Collected data
——————————
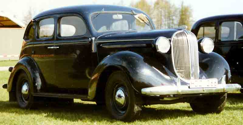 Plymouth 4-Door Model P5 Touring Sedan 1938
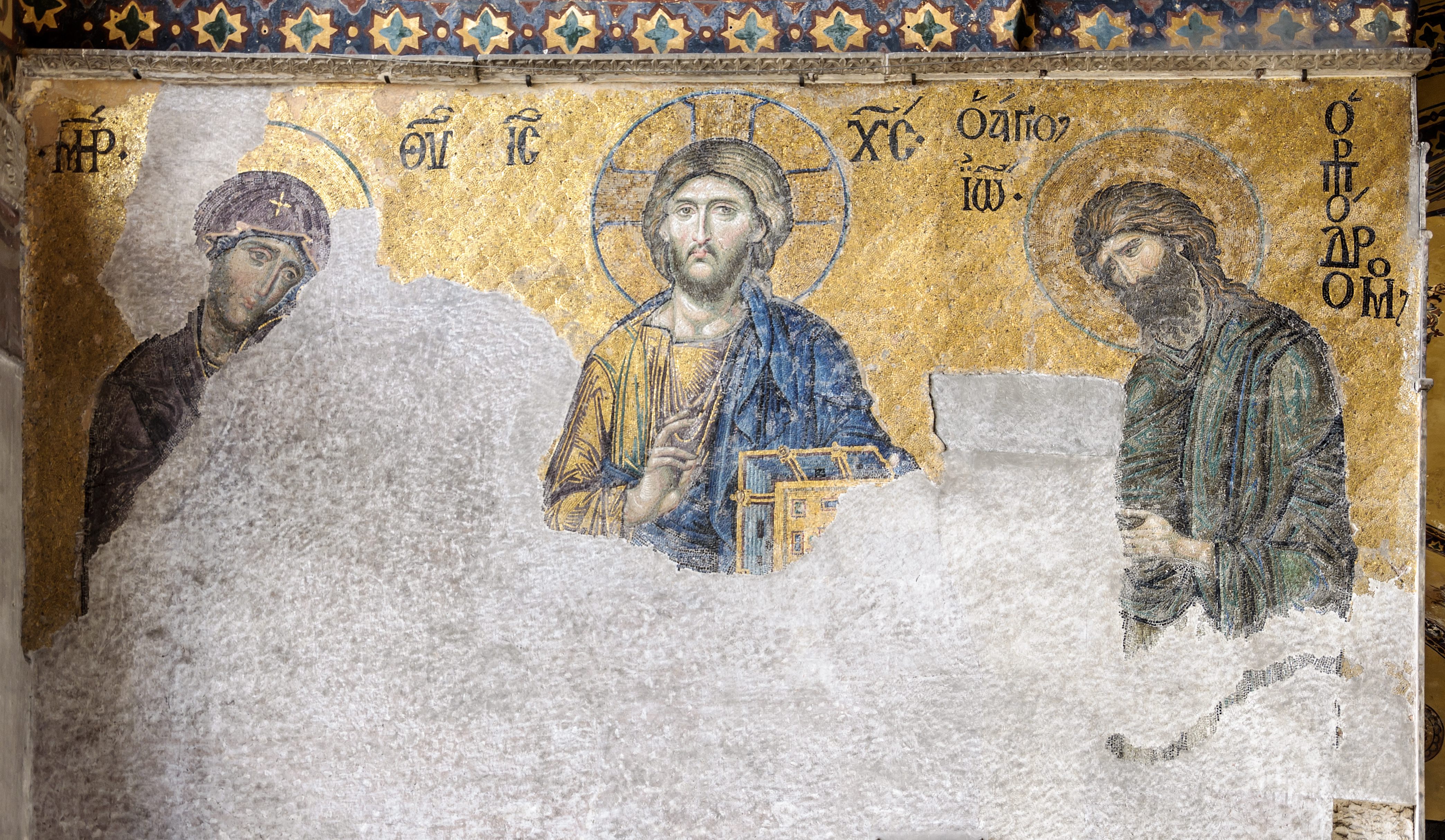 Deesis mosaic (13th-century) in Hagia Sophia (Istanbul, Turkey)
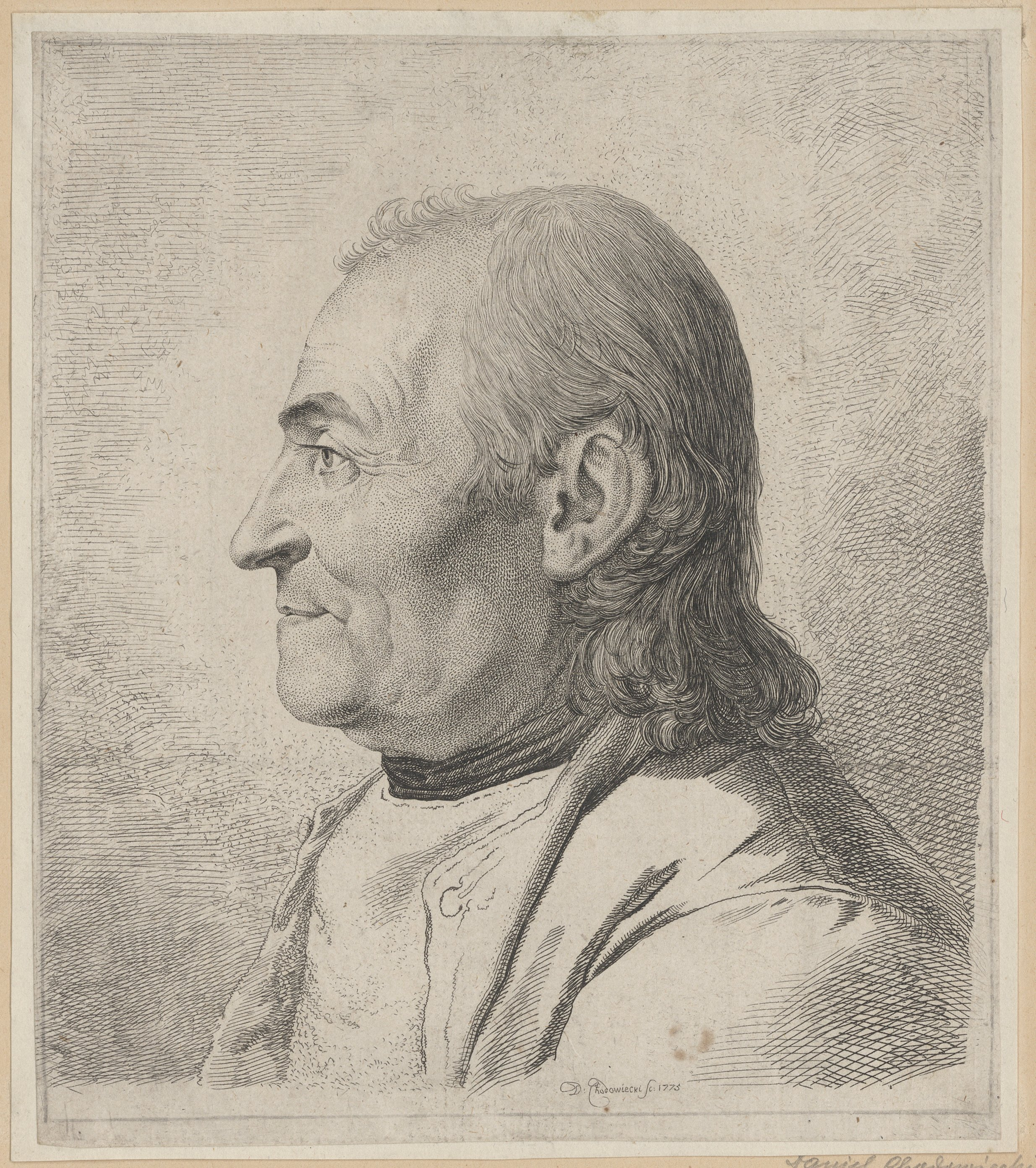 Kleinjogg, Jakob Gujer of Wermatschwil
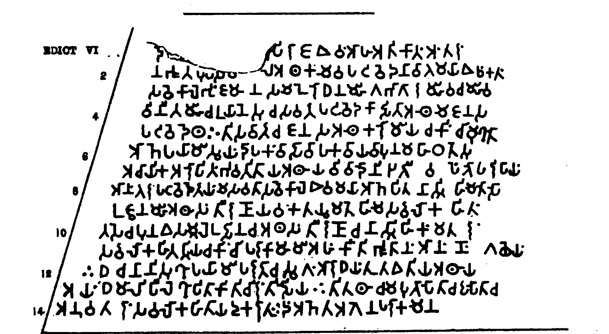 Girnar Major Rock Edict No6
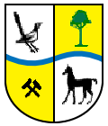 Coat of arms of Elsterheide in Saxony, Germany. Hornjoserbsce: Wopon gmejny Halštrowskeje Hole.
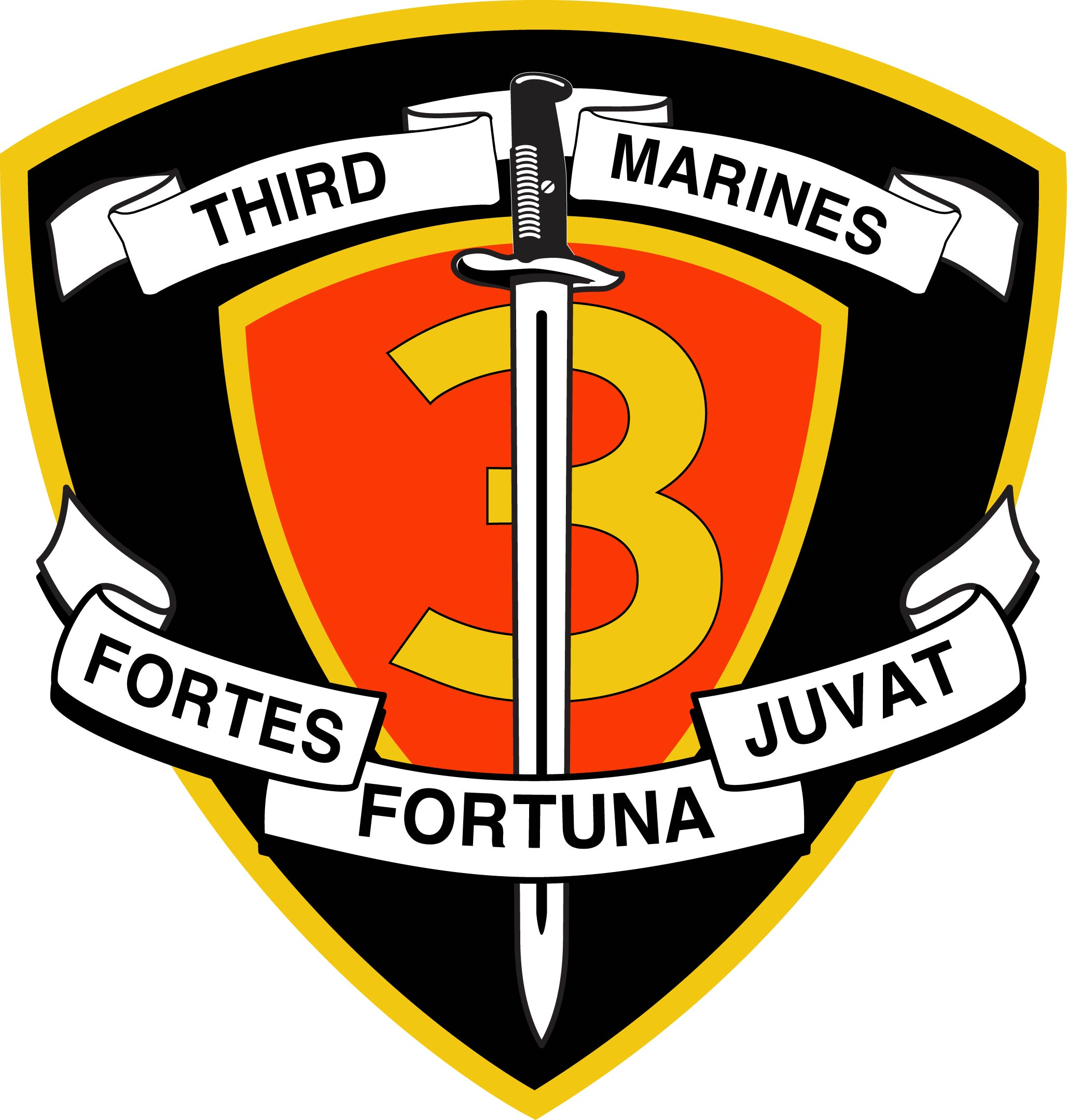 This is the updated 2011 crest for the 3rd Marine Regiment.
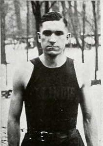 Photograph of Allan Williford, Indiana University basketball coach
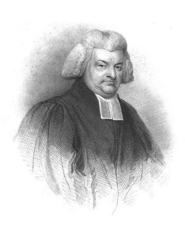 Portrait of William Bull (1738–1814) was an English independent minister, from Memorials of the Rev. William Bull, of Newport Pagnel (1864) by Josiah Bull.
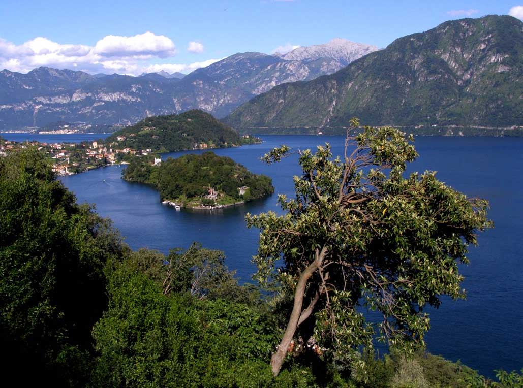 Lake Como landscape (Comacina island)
——————————
● Task:
The response should consist of the entries above, given again exactly and free of pictures.

● Answer box:
 Plymouth 4-Door Model P5 Touring Sedan 1938
 Deesis mosaic (13th-century) in Hagia Sophia (Istanbul, Turkey)
 Kleinjogg, Jakob Gujer of Wermatschwil
 Girnar Major Rock Edict No6
 Coat of arms of Elsterheide in Saxony, Germany. Hornjoserbsce: Wopon gmejny Halštrowskeje Hole.
 This is the updated 2011 crest for the 3rd Marine Regiment.
 Photograph of Allan Williford, Indiana University basketball coach
 Portrait of William Bull (1738–1814) was an English independent minister, from Memorials of the Rev. William Bull, of Newport Pagnel (1864) by Josiah Bull.
 Lake Como landscape (Comacina island)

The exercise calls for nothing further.